Dari Abu Hamzah: Amirul Mukminin Ali bin
Abi Thalib memandang pada seorang pemuda yang memanjangkan sarungnya,
lalu berkata: ‘Wahai anakku, pendekkan sarungmu, karena itu membuat awet
pakaianmu, dan membuat hatimu lebih bertaqwa. ( Al Kafi, jilid 5, bab: memendekkan pakaian )
Jauh sebelumnya, Umar bin Khattab telah
mengatakan ucapan yang sama, saat menjelang wafatnya, ada seorang pemuda
yang menjenguknya, lalu Umar melihat pakaian pemuda itu menjulur ke
bawah mata kaki, lalu Umar berkata: “Wahai anak saudaraku, angkatlah
pakaianmu, sesungguhnya itu lebih bersih untuk bajumu, dan lebih
bertakwa pada Rabb-Mu. ( Riwayat Bukhari )
Imam Ali mengucapkan hal yang sama, jauh setelah Umar bin Khattab wafat.
Pakaian yang menjulur adalah bagaian dari sombong, sebaliknya, pakaian yang terangkat melambangkan taqwa. Ini bukti bahwa pakaian menunjukkan kondisi hati seseorang. Seolah para imam memberitahu kita, bahwa isi hati seseorang bisa diketahui dari pakaiannya.
Pakaian yang menjulur adalah bagaian dari sombong, sebaliknya, pakaian yang terangkat melambangkan taqwa. Ini bukti bahwa pakaian menunjukkan kondisi hati seseorang.
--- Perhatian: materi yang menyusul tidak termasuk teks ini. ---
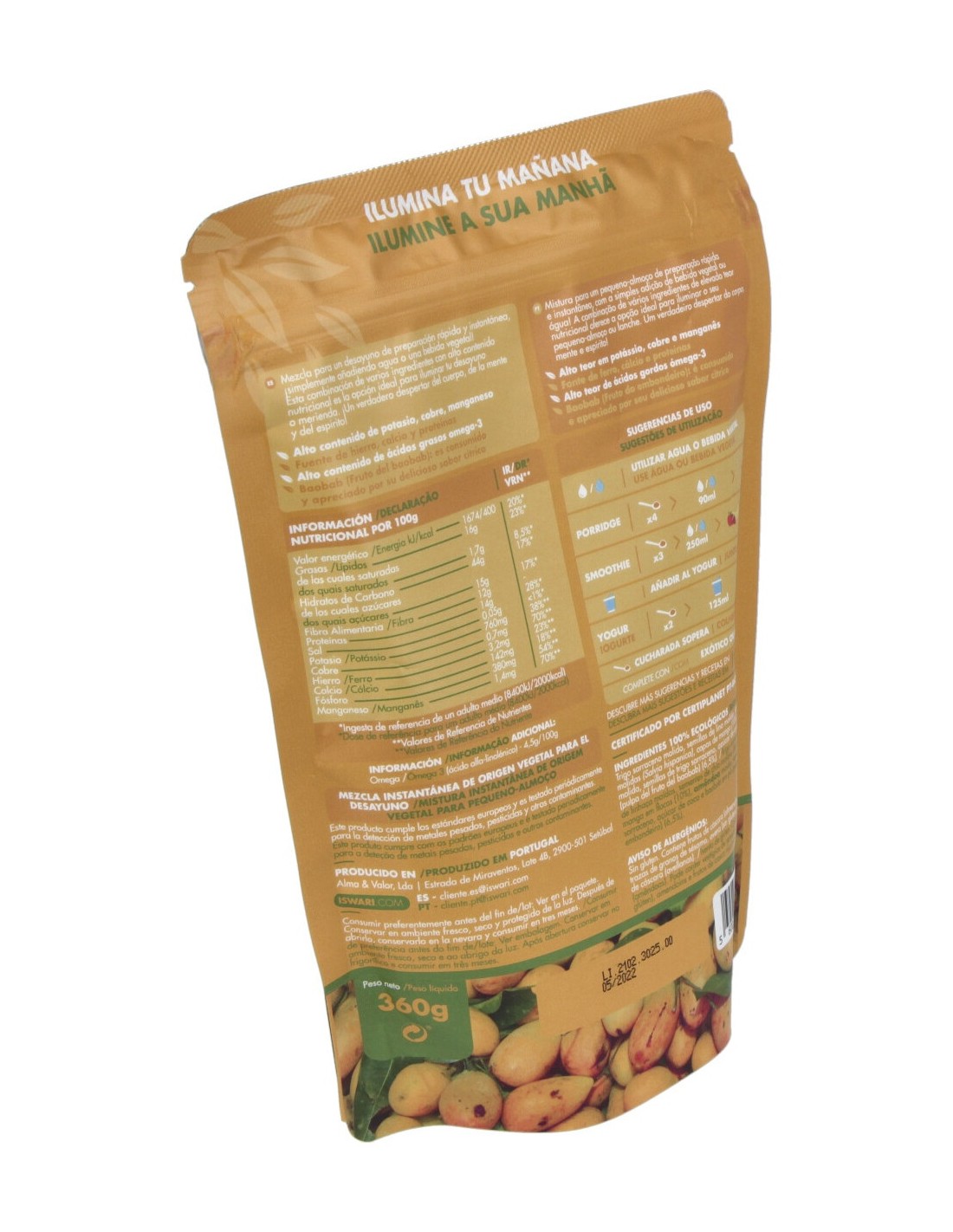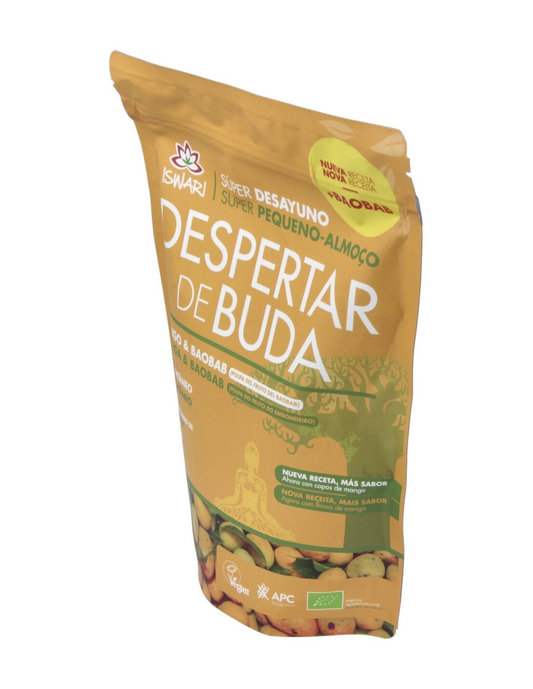 Mezcla para desayuno de despertar de Buda con Mango y Baobab de la marca Iswari, mezcla para un desayuno de preparación rápida e instantánea, simplemente añadiendo agua o una bebida vegetal. Esta combinación de varios ingredientes con alto contenido nutricional es la opción ideal para iluminar tu desayuno o merienda. El perfecto equilibrio entre hidratos de carbono, proteínas, grasas saludables y micronutrientes esenciales. El producto contiene alto contenido de manganeso, magnesio, fósforo, cobre y fibra. Alto contenido de ácidos grasos omega-3. El producto cumple los estándares europeos y es testado periódicamente para la detección de metales pesados, pesticidas y otros contaminantes. El baobab (Fruto del baobab): es consumido y apreciado por su delicioso sabor cítrico. Este producto cumple los estándares europeos y es testado periódicamente para la detección de metales pesados, pesticidas y otros contaminantes. AVISO DE ALERGÉNIOS: Sin gluten. Contiene frutos de cáscara (almendras). Puede contener trazas de granos de sésamo, avena (sin gluten), cacahuetes y de frutos de cáscara (avellanas).

Seolah para imam memberitahu kita, bahwa isi hati seseorang bisa diketahui dari pakaiannya.
Dari Salamah, dia berkata: “Saya bersama
Abu Ja’far, lalu Abu Abdullah masuk menemuinya, lalu Abu Ja’far berkata:
‘Wahai anakku, mengapa kamu tidak membersihkan pakaianmu?’ Lalu dia
pergi, kami mengira bahwa bajunya terkena kotoran, lalu kembali dan
berkata: ‘Memang sudah bersih seperti ini.’ Lalu kami berkata: ‘Semoga
kami dijadikan Allah sebagai tebusanmu, ada apa dengan bajunya?’ Abu
Ja’far menjawab: ‘Gamisnya adalah panjang, dan saya memerintahkan untuk
memendekkannya, Allah berfirman : dan bajumu bersihkanlah..”
Dari Muhammad bin Musllim berkata: “Abu
Abdullah memandang ke arah seseorang yang mengenakan gamis sampai
mengenai tanah, lalu berkata: ‘Ini bukanlah baju yang bersih.’”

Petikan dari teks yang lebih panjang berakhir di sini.